- [Input for this task]:
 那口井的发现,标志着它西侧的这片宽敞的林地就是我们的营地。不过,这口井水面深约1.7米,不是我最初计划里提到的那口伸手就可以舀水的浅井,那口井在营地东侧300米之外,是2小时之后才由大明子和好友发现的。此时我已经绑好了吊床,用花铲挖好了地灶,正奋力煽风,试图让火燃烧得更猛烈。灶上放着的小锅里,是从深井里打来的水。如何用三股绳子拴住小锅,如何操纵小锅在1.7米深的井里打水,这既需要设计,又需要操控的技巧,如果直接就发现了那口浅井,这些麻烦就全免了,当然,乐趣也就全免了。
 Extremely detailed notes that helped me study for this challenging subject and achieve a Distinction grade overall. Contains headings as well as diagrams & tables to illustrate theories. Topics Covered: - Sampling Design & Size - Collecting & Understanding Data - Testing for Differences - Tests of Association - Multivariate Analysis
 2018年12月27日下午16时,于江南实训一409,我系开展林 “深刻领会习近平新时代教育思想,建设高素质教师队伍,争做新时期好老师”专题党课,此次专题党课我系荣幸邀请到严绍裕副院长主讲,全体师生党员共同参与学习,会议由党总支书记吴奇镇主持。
--
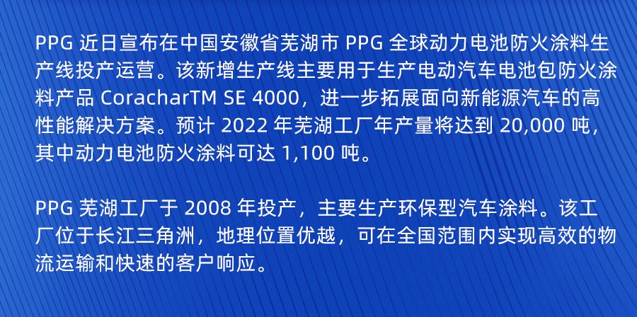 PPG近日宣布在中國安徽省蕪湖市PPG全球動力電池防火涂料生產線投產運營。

- [Exercise instructions]: Output should match, line for line, the stretch of the material above from the line holding "那口井的发现,标志着它西侧的" through the line holding "Extremely detailed notes".

- [Exercise output]:
 那口井的发现,标志着它西侧的这片宽敞的林地就是我们的营地。不过,这口井水面深约1.7米,不是我最初计划里提到的那口伸手就可以舀水的浅井,那口井在营地东侧300米之外,是2小时之后才由大明子和好友发现的。此时我已经绑好了吊床,用花铲挖好了地灶,正奋力煽风,试图让火燃烧得更猛烈。灶上放着的小锅里,是从深井里打来的水。如何用三股绳子拴住小锅,如何操纵小锅在1.7米深的井里打水,这既需要设计,又需要操控的技巧,如果直接就发现了那口浅井,这些麻烦就全免了,当然,乐趣也就全免了。
 Extremely detailed notes that helped me study for this challenging subject and achieve a Distinction grade overall. Contains headings as well as diagrams & tables to illustrate theories. Topics Covered: - Sampling Design & Size - Collecting & Understanding Data - Testing for Differences - Tests of Association - Multivariate Analysis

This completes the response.